China and Russia Partner to Challenge US Dollar and Disrupt Global Order

Introducing the ability to listen to Fox News articles! The BRICS bloc, comprised of countries led by China and Russia, has a clear objective: to challenge the dominance of the U.S. dollar. South Africa’s ambassador to the group emphasized this point recently, stating that the days of a dollar-centric world are over and that we now have a multipolar global trading system.

The term BRICS was coined in 2001 by Jim O’Neill, a former managing director at Goldman Sachs, to refer to the emerging economies of Brazil, Russia, India, China, and later South Africa. O’Neill predicted that these countries would surpass the G-7 superpowers in the future. The bloc was officially established in 2009 at a summit in Russia, and South Africa became a full member in 2010. Its mandate is to restructure the global political, economic and financial architecture to be more equitable and representative.

The leaders of these nations will meet for their 15th summit from August 22-24, with the notable absence of Russian President Vladimir Putin, who will be represented by Foreign Minister Sergei Lavrov due to an arrest warrant from the International Criminal Court. One of the key topics that will likely be discussed, despite not being officially on the agenda, is the creation of a new international currency. The aim is to establish a joint BRICS monetary unit, similar to the Euro, which would eventually replace the U.S. dollar as the primary currency for international reserves and transactions.

The move towards de-dollarization by non-Western countries has gained significant momentum in recent years. This is largely due to the “weaponization” of the U.S. dollar by the U.S. government through economic sanctions on countries with differing political views. This practice has escalated, particularly after Russia’s invasion of Ukraine in 2014, leading many countries to seek alternatives and reduce their dependence on the dollar. China, a key player in BRICS, sees this trend as an opportunity to challenge the United States’ global dominance.

Over 40 countries have expressed their interest in joining BRICS to reduce currency risk and bypass U.S. sanctions if necessary. These countries range from U.S. foes like Iran to allies like Saudi Arabia, Egypt, Indonesia, and Argentina. This demonstrates a desire to separate business and economics from politics and ideology, challenging the Western norms that have governed global trade and finance since the establishment of the Bretton Woods system in 1944.

The question remains: is this a real threat to U.S. economic hegemony, as Moscow and Beijing want us to believe? The two authoritarian regimes have aligned their interests in challenging U.S. policy, particularly in dethroning the dollar. However, the U.S. dollar still dominates global trade, accounting for 88% of international transactions and 58% of global foreign exchange reserves. The supplanting of the dollar would require much more than just grand ideas and high-level meetings; it would require the establishment of rule of law and credibility, qualities lacking in the leadership of Russia and China.

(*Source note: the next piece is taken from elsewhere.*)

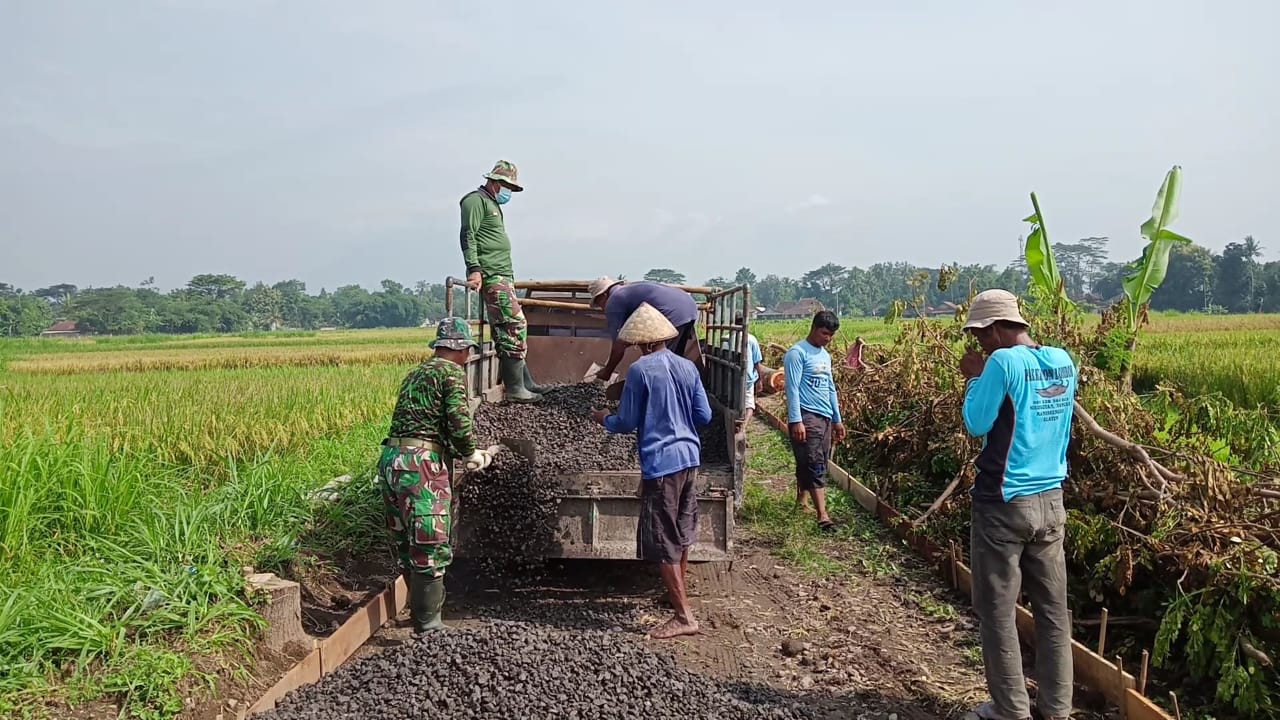 Klaten – Walaupun saat ini masih pandemi Covid-19, hal itu tidak mengurangi semangat Babinsa untuk tetap melaksanakan gotong-royong bersama rakyat.

While it may take decades for the dollar to be replaced, it is important for U.S. policymakers to acknowledge the trend of de-dollarization and not dismiss it as ridiculous. The growth and influence of BRICS cannot be ignored, as it represents a significant economic and geopolitical force in the world. Going forward, it is crucial for the United States to consider the implications of its actions on the global stage and maintain trust and the rule of law, which have been the pillars of the dollar’s status as a global reserve currency.

In conclusion, the BRICS bloc’s ambition to challenge the U.S. dollar is a real concern. While the dollar’s dominance may continue for the foreseeable future, it is imperative for the United States to address the grievances that have led to the rise of de-dollarization and to ensure that its actions align with principles of trust and the rule of law. By doing so, the United States can maintain its position on the global stage and adapt to the changing dynamics of international trade and finance.